The update prompted economists to suggest that the Bank of Canada (BoC) might cut interest rates as early as June. This trend presents a positive outlook for the Canadian economy and supports the possibility of a rate cut this summer.

Sal Guatieri, director and senior economist at BMO Capital Markets, remarked that the core measures of inflation closely monitored by the BoC, specifically the median and trimmed mean inflation rates, have declined significantly, with the trimmed mean falling below three per cent. He noted that aside from rising housing costs, overall inflationary pressures have substantially diminished. The Consumer Price Index (CPI)), excluding shelter costs, showed an increase of only 1.2 per cent over the past year.

Guatieri highlighted that while the recent inflation data supports a potential rate cut, it remains uncertain whether the BoC will act in June or wait until July to ensure sustained disinflation. The upcoming decision hinges on whether the bank’s criteria for a sustained decline in core inflation are met.

Tu Nguyen, an economist at RSM Canada, expressed strong confidence in a June rate cut, describing the latest CPI data as a decisive factor. She emphasised that headline inflation has dropped to its lowest level since early 2021, and with the economy exhibiting continued disinflation over the past four months, the BoC has clear grounds to reduce rates without delay.
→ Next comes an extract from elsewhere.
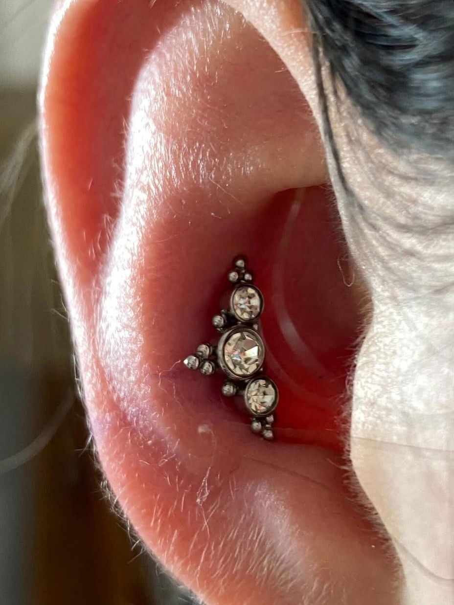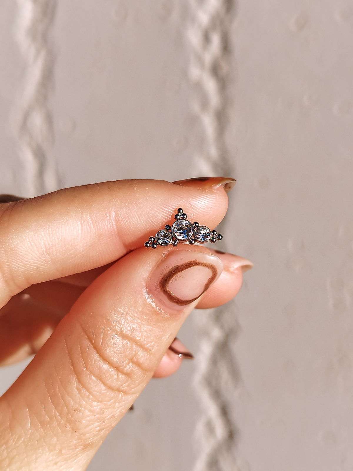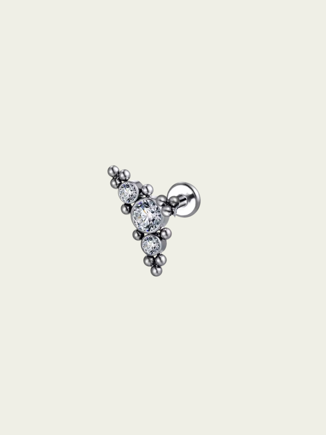 Piercing labret filigranas con cubics blancos. Este tipo de piercing se puede usar en las perforaciones: flat, hélix, conch y lóbulo
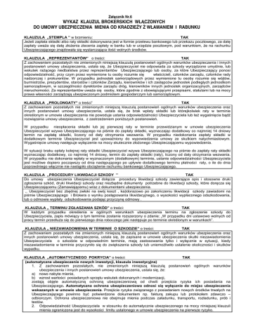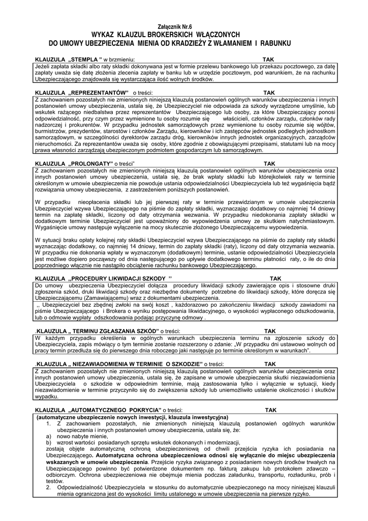 Załącznik Nr.6 WYKAZ KLAUZUL BROKERSKICH WŁĄCZONYCH DO UMOWY UBEZPIECZENIA MIENIA OD KRADZIEŻY Z WŁAMANIEM I RABUNKU KLAUZULA „STEMPLA ” w brzmieniu: TAK Jeżeli zapłata składki albo raty składki dokonywana jest w formie przelewu bankowego lub przekazu pocztowego, za datę zapłaty uważa się datę złożenia zlecenia zapłaty w banku lub w urzędzie pocztowym, pod warunkiem, że na rachunku Ubezpieczającego znajdowała się wystarczająca ilość wolnych środków. KLAUZULA „REPREZENTANTÓW” o treści: TAK Z zachowaniem pozostałych nie zmienionych niniejszą klauzulą postanowień ogólnych warunków ubezpieczenia i innych postanowień umowy ubezpieczenia, ustala się, że Ubezpieczyciel nie odpowiada za szkody wyrządzone umyślnie, lub wskutek rażącego niedbalstwa przez reprezentantów Ubezpieczającego lub osoby, za które Ubezpieczający ponosi odpowiedzialność, przy czym przez wymienione tu osoby rozumie się właścicieli, członków zarządu, członków rady nadzorczej i prokurentów. W przypadku jednostek samorządowych przez wymienione tu osoby rozumie się wójtów, burmistrzów, prezydentów, starostów i członków Zarządu, kierowników i ich zastępców jednostek podległych jednostkom samorządowym, w szczególności dyrektorów zarządu dróg, kierowników innych jednostek organizacyjnych, zarządców nieruchomości. Za reprezentantów uważa się osoby, które zgodnie z obowiązującymi przepisami, statutami lub na mocy prawa własności zarządzają ubezpieczonym podmiotem gospodarczym lub samorządowym. KLAUZULA „PROLONGATY” o treści” TAK Z zachowaniem pozostałych nie zmienionych niniejszą klauzulą postanowień ogólnych warunków ubezpieczenia oraz innych postanowień umowy ubezpieczenia, ustala się, że brak wpłaty składki lub którejkolwiek raty w terminie określonym w umowie ubezpieczenia nie powoduje ustania odpowiedzialności Ubezpieczyciela lub też wygaśnięcia bądź rozwiązania umowy ubezpieczenia, z zastrzeżeniem poniższych postanowień. W przypadku nieopłacenia składki lub jej pierwszej raty w terminie przewidzianym w umowie ubezpieczenia Ubezpieczyciel wzywa Ubezpieczającego na piśmie do zapłaty składki, wyznaczając dodatkowy co najmniej 14 dniowy termin na zapłatę składki, liczony od daty otrzymania wezwania. W przypadku niedokonania zapłaty składki w dodatkowym terminie Ubezpieczyciel jest upoważniony do wypowiedzenia umowy ze skutkiem natychmiastowym. Wygaśnięcie umowy następuje wyłączenie na mocy skutecznie złożonego Ubezpieczającemu wypowiedzenia. W sytuacji braku opłaty kolejnej raty składki Ubezpieczyciel wzywa Ubezpieczającego na piśmie do zapłaty raty składki wyznaczając dodatkowy, co najmniej 14 dniowy, termin do zapłaty składki (raty), liczony od daty otrzymania wezwania. W przypadku nie dokonania wpłaty w wyznaczonym (dodatkowym) terminie, ustanie odpowiedzialności Ubezpieczyciela jest możliwe dopiero począwszy od dnia następującego po upływie dodatkowego terminu płatności raty, o ile do dnia poprzedniego włącznie nie nastąpiło obciążenie rachunku bankowego Ubezpieczającego. KLAUZULA ,,PROCEDURY LIKWIDACJI SZKODY ’’ TAK Do umowy ubezpieczenia Ubezpieczyciel dołącza procedury likwidacji szkody zawierające opis i stosowne druki zgłoszenia szkód, druki likwidacji szkody oraz niezbędne dokumenty potrzebne do likwidacji szkody, które doręcza się Ubezpieczającemu (Zamawiającemu) wraz z dokumentami ubezpieczenia. ,, Ubezpieczyciel bez zbędnej zwłoki na swój koszt , każdorazowo po zakończeniu likwidacji szkody zawiadomi na piśmie Ubezpieczającego i Brokera o wyniku postępowania likwidacyjnego, o wysokości wypłaconego odszkodowania, lub o odmowie wypłaty odszkodowania podając przyczynę odmowy . .KLAUZULA „ TERMINU ZGŁASZANIA SZKÓD” o treści: TAK W każdym przypadku określenia w ogólnych warunkach ubezpieczenia terminu na zgłoszenie szkody do Ubezpieczyciela, zapis mówiący o tym terminie zostanie rozszerzony o zdanie: „W przypadku dni ustawowo wolnych od pracy termin przedłuża się do pierwszego dnia roboczego jaki następuje po terminie określonym w warunkach”. .KLAUZULA „ NIEZAWIADOMIENIA W TERMINIE O SZKODZIE” o treści: TAK Z zachowaniem pozostałych nie zmienionych niniejszą klauzulą postanowień ogólnych warunków ubezpieczenia oraz innych postanowień umowy ubezpieczenia, ustala się, że zapisane w umowie ubezpieczenia skutki niezawiadomienia Ubezpieczyciela o szkodzie w odpowiednim terminie, mają zastosowania tylko i wyłącznie w sytuacji, kiedy niezawiadomienie w terminie przyczyniło się do zwiększenia szkody lub uniemożliwiło ustalenie okoliczności i skutków wypadku. KLAUZULA „AUTOMATYCZNEGO POKRYCIA” o treści: TAK (automatyczne ubezpieczenie nowych inwestycji, klauzula inwestycyjna) 1. Z zachowaniem pozostałych, nie zmienionych niniejszą klauzulą postanowień ogólnych warunków ubezpieczenia i innych postanowień umowy ubezpieczenia, ustala się, że: a) nowo nabyte mienie, b) wzrost wartości posiadanych sprzętu wskutek dokonanych i modernizacji, zostają objęte automatyczną ochroną ubezpieczeniową od chwili przejścia ryzyka ich posiadania na Ubezpieczającego. Automatyczna ochrona ubezpieczeniowa odnosi się wyłącznie do miejsc ubezpieczenia wskazanych w umowie ubezpieczenia. Przejście ryzyka związanego z posiadaniem nowych środków trwałych na Ubezpieczającego powinno być potwierdzone dokumentem np. fakturą zakupu lub protokołem zdawczo – odbiorczym. Ochrona ubezpieczeniowa nie obejmuje mienia podczas załadunku, transportu, rozładunku, prób i testów. 2. Odpowiedzialność Ubezpieczyciela w stosunku do automatycznie ubezpieczonego na mocy niniejszej klauzuli mienia ograniczona jest do wysokości limitu ustalonego w umowie ubezpieczenia na pierwsze ryzyko. KLAUZULA AUTOMATYCZNEJ OCHRONY DLA NOWYCH LOKALIZACJI (KLAUZULA MIEJSCA UBEZPIECZENIA) o treści: (automaty

Nguyen also pointed out that despite the possibility of higher gasoline prices during the spring and summer, consumers are seeing relief from high food inflation, with grocery prices rising only modestly.

Andrew Grantham, executive director of economics at CIBC Capital Markets, concurred, noting that while the headline CPI met consensus expectations with a 0.5 per cent rise for an annual rate of 2.7 per cent, core measures like CPI-Trim and CPI-Median continued to show softness. This trend supports the likelihood of a rate cut in June. Grantham highlighted that seasonally adjusted food prices fell slightly, contributing to a broader deceleration in inflation. The CPI-Trim eased to 2.9 per cent, and the CPI-Median fell to 2.6 per cent, both below consensus expectations, reinforcing the case for a June rate cut.

Abbey Xu, an economist with RBC, echoed these sentiments in a report, noting that April’s inflation readings aligned with economic expectations and pointed to a reduction in inflationary pressures. Xu emphasised that the BoC is not only concerned with current inflation rates but also future trends. With Canada’s economic backdrop showing signs of slowing price growth due to declining per-capita GDP and rising unemployment, the case for a rate cut strengthens.

In summary, the latest inflation data provides a compelling case for the BoC to reduce interest rates in June. The easing of core inflation measures, coupled with a softer economic backdrop, aligns with economists’ expectations and supports the potential for monetary easing to aid economic recovery in the latter half of the year.